Thorncliffe Park has both an industrial and a residential section. The residential section is in the south, and consists chiefly of 35 high-rise and low-rise apartment buildings grouped in and around a rough oval formed by Overlea Boulevard and horsehoe-shaped Thorncliffe Park Drive. Some townhouses have recently been added on Overlea.
Overlea Boulevard used to be the dividing line between the industrial and residential sections, but the decline of the industrial sector in Toronto has led to the appearance of retail establishments and service organizations in the former factories on the north side of Overlea.

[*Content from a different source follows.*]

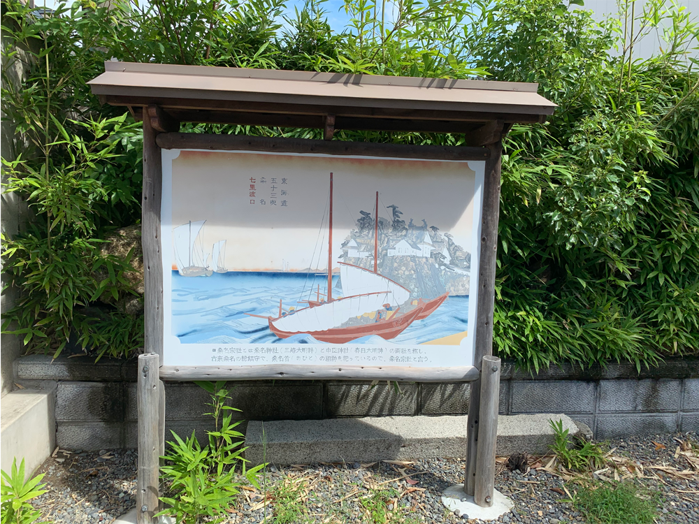 東海道に面して建っている「春日神社青銅鳥居」●は寛文7(1677)年に桑名の鋳物師・辻内氏によって建立され、その後3度倒壊したが、その都度辻内氏の子孫によって修復されている。最近では昭和34(1959)年の伊勢湾台風で倒壊して修復されたが、その旨が柱に刻まれている。鳥居の傍らに建っている「しるべ石」は明治18(1885)年に桑名出身で東京で材木商をしている蘆田政治によって建立された。行方不明の人を探す伝言板である。同じものが多度大社にもあり、人出の多い場所に建てられた。

The residential section of Thorncliffe Park was originally designed for 12,500 residents, but now houses 30,000. Despite low income and high unemployment, Thorncliffe Park has one of the lowest crime rates in Toronto. The population consists largely of immigrants, 40% of whom are Muslim. The neighbourhood is heavily served by public transit.
The site of Thorncliffe Park was a farm until the 1920s, when a racetrack was built; it is commemorated by two streets named Grandstand Place and Milepost Place. This track revitalized harness racing in Toronto; it also offered thoroughbred racing.

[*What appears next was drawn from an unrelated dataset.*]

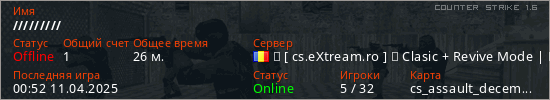 Играет на Counter Strike 1.6 сервере. Страна: РумынияПервый раз замечен 00:20 27.12.2024

In the 1960s, developers tore down the racetrack and created one of Toronto's first high-rise neighbourhoods. The neighbourhood embodies some standard planning ideas of the era – high concentrations of similar housing types, strict separation of retail and residential development, and the assumption that everyone has a car. Low-rise buildings are clustered inside the enclosure created by Thorncliffe Park and Overlea, while high-rise buildings line the outside of Thorncliffe Park. Retail establishments are concentrated in a single shopping mall, now called the East York Town Centre, between the two arms of Thorncliffe Park Drive at Overlea Boulevard. Residents at the opposite end of Throncliffe Park Drive are therefore not within easy walking distance of shops, especially in winter.